## EXERCISE DESCRIPTION
Please copy, exactly and with no pictures, only the lines from the one containing "Shorts de mezclilla" through the last line of the records.

[Stored items from a collection]
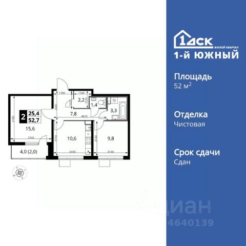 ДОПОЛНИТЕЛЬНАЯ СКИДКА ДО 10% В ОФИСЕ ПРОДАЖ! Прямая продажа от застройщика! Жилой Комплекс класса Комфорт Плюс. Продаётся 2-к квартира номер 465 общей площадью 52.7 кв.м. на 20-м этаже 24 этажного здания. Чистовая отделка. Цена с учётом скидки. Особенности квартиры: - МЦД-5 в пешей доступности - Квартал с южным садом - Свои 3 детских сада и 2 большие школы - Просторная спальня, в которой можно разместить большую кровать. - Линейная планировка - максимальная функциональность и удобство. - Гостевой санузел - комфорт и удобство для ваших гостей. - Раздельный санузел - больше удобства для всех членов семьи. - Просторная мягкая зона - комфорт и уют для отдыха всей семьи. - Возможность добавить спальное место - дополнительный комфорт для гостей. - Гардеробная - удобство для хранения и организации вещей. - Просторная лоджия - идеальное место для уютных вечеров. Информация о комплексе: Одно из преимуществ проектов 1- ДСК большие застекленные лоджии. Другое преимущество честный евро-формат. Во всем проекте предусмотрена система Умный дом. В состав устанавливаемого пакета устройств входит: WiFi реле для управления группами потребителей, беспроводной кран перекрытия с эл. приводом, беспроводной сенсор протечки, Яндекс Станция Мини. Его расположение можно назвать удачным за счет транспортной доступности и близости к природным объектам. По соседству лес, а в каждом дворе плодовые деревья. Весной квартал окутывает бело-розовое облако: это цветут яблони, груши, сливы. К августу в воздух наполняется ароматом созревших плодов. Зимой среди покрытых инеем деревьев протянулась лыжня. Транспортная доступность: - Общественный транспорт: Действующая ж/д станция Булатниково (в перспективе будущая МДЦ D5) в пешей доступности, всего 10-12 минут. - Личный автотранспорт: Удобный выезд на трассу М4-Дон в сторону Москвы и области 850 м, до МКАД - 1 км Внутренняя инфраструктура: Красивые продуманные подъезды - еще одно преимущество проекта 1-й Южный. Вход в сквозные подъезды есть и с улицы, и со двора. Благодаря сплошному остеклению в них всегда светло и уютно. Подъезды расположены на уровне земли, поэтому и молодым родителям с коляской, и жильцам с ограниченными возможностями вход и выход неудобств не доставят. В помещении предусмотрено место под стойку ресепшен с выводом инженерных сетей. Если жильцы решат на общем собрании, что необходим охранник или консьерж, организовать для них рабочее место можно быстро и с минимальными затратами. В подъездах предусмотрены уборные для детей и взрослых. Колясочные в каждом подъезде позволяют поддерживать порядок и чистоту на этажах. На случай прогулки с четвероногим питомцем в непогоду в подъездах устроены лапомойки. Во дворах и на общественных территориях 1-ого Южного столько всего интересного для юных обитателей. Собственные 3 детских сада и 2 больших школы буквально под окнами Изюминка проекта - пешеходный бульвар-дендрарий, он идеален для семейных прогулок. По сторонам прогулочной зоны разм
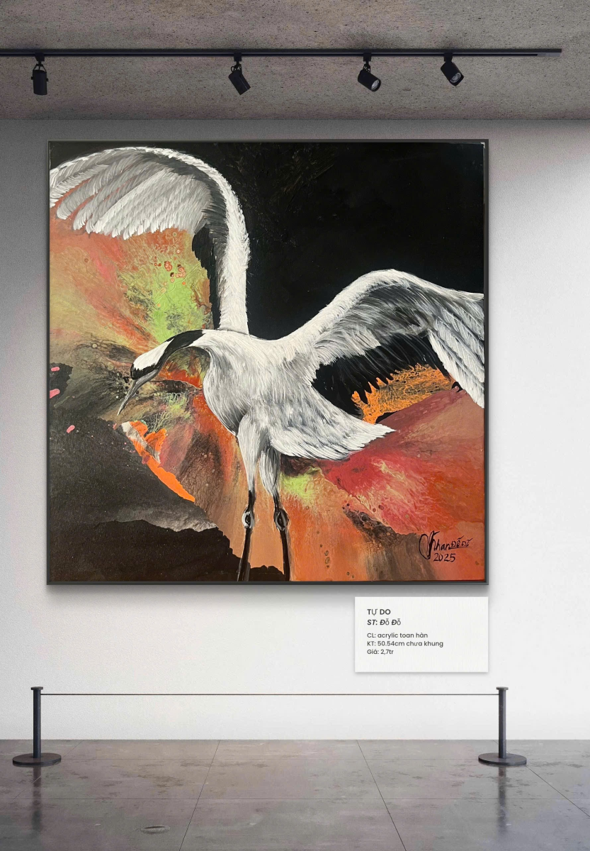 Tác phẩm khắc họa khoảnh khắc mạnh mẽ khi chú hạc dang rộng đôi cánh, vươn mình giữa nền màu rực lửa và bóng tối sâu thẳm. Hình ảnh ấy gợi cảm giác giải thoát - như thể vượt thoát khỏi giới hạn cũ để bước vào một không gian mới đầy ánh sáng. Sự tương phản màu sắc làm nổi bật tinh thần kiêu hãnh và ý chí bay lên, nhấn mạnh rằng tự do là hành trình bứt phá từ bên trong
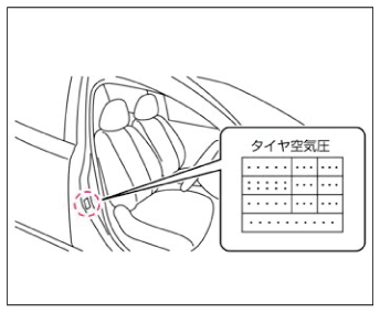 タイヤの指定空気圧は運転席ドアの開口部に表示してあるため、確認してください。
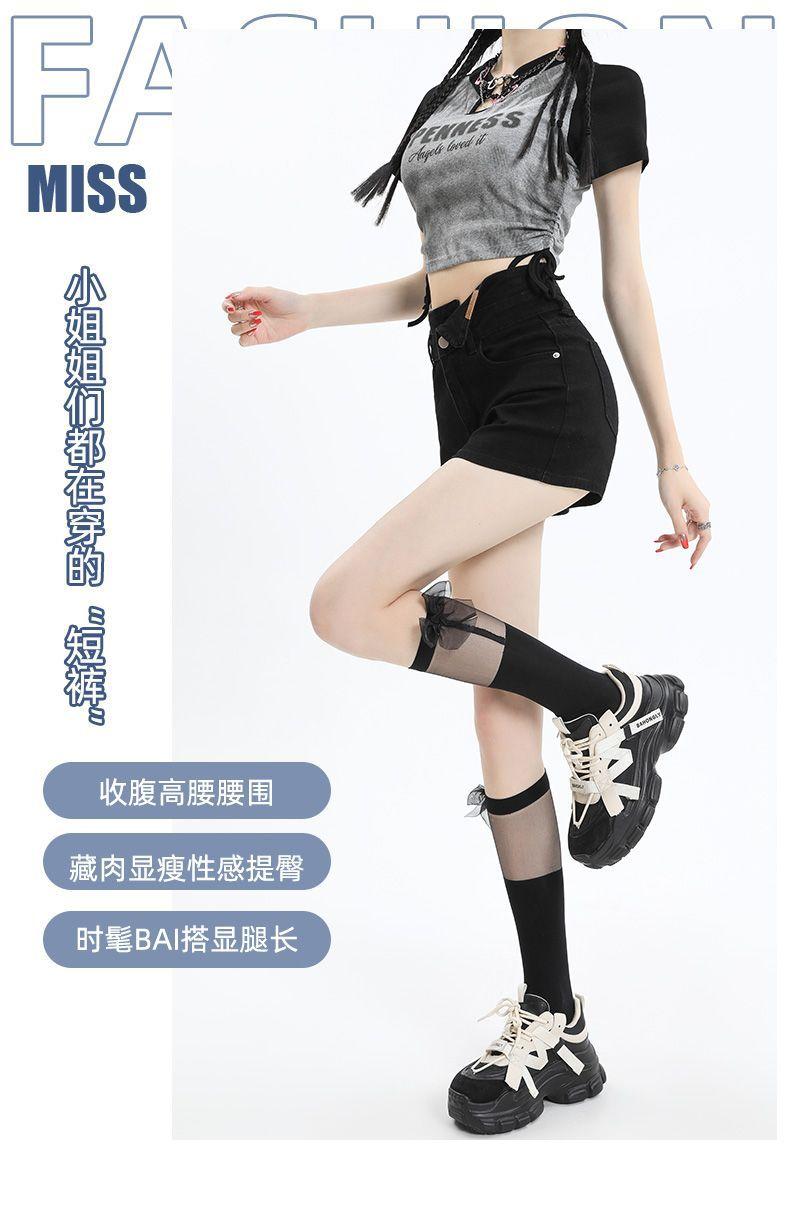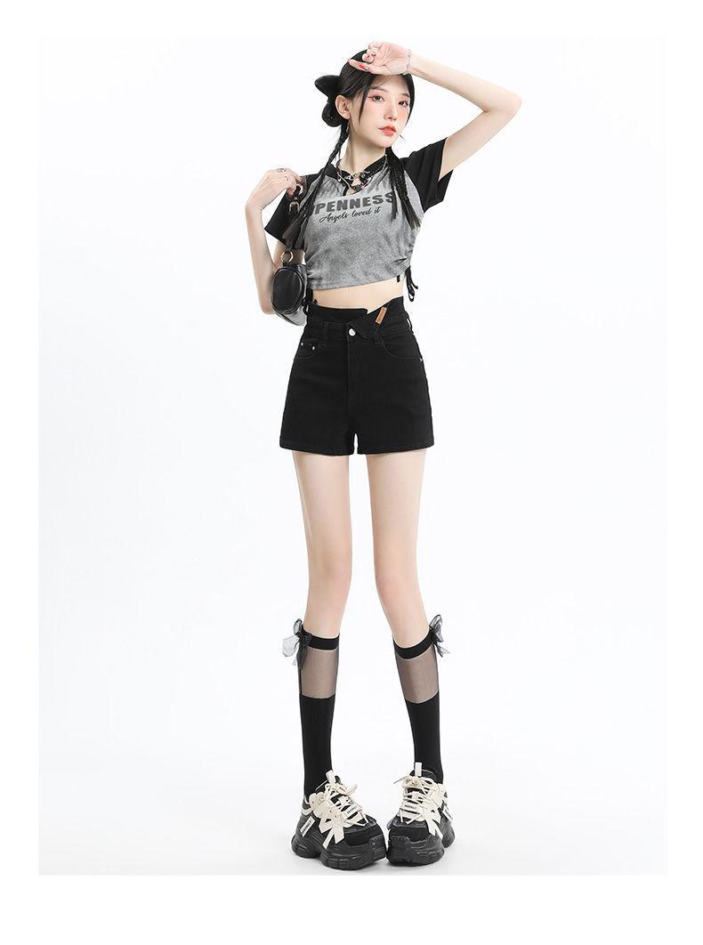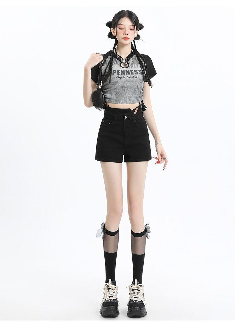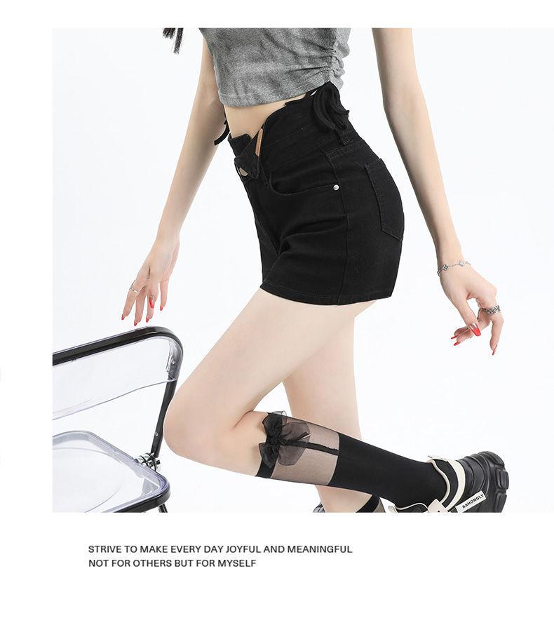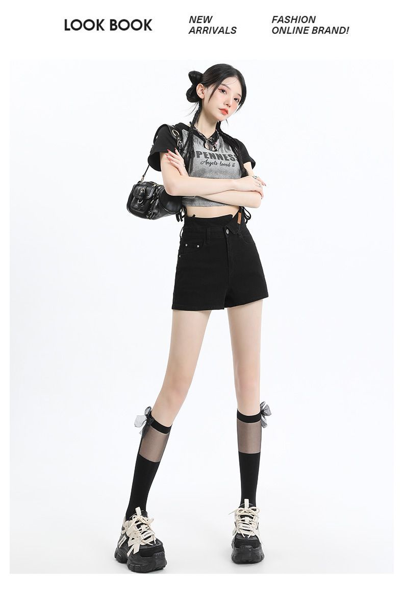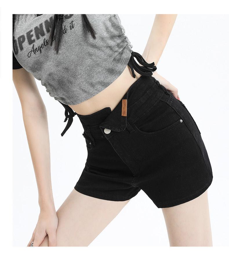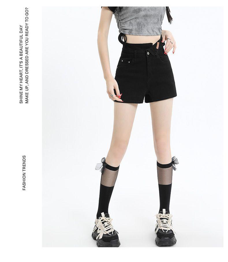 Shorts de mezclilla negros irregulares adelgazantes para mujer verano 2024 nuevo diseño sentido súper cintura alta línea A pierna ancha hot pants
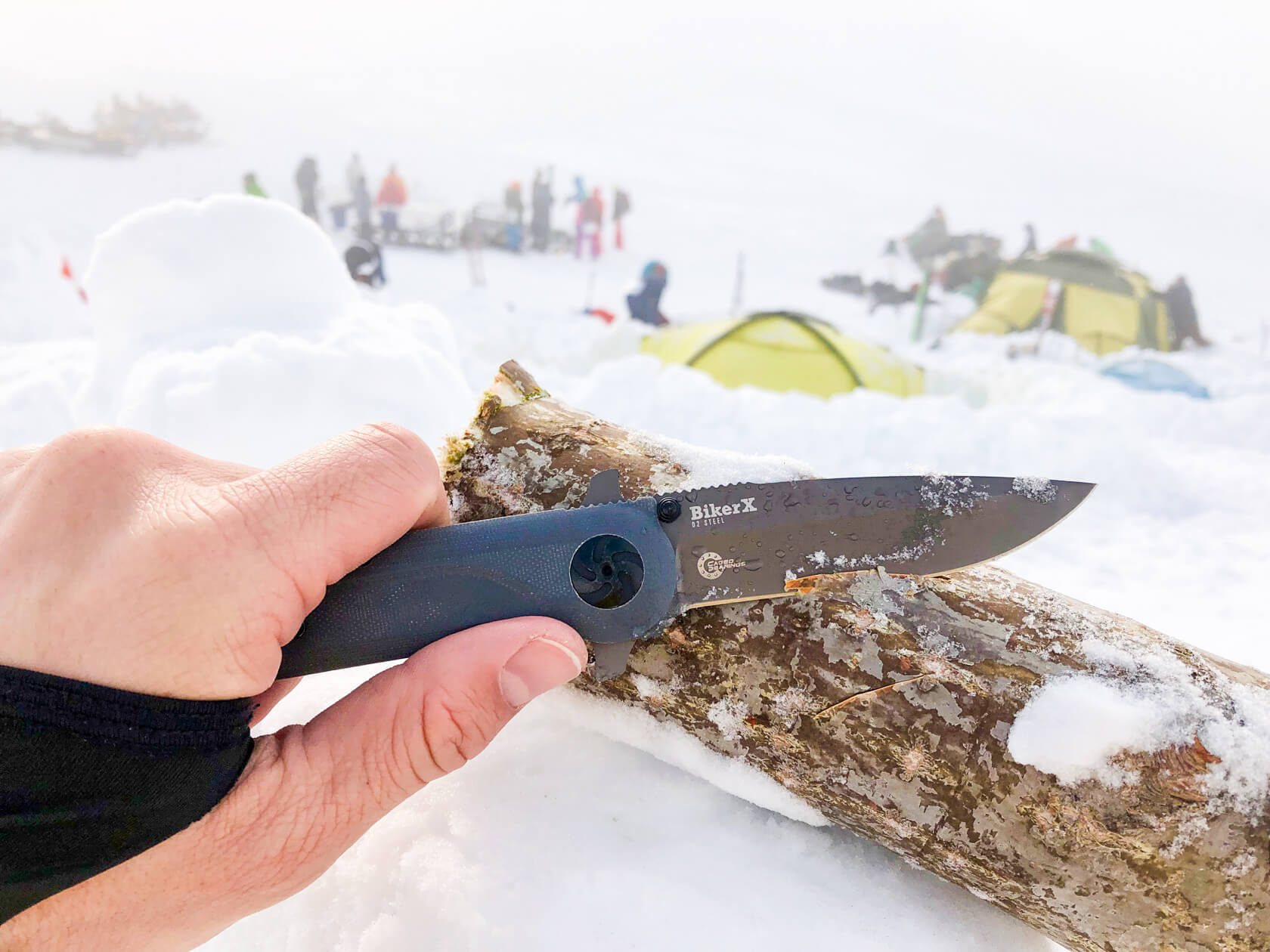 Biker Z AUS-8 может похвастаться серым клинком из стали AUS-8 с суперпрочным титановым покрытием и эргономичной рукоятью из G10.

## RESPONSE
 Shorts de mezclilla negros irregulares adelgazantes para mujer verano 2024 nuevo diseño sentido súper cintura alta línea A pierna ancha hot pants
 Biker Z AUS-8 может похвастаться серым клинком из стали AUS-8 с суперпрочным титановым покрытием и эргономичной рукоятью из G10.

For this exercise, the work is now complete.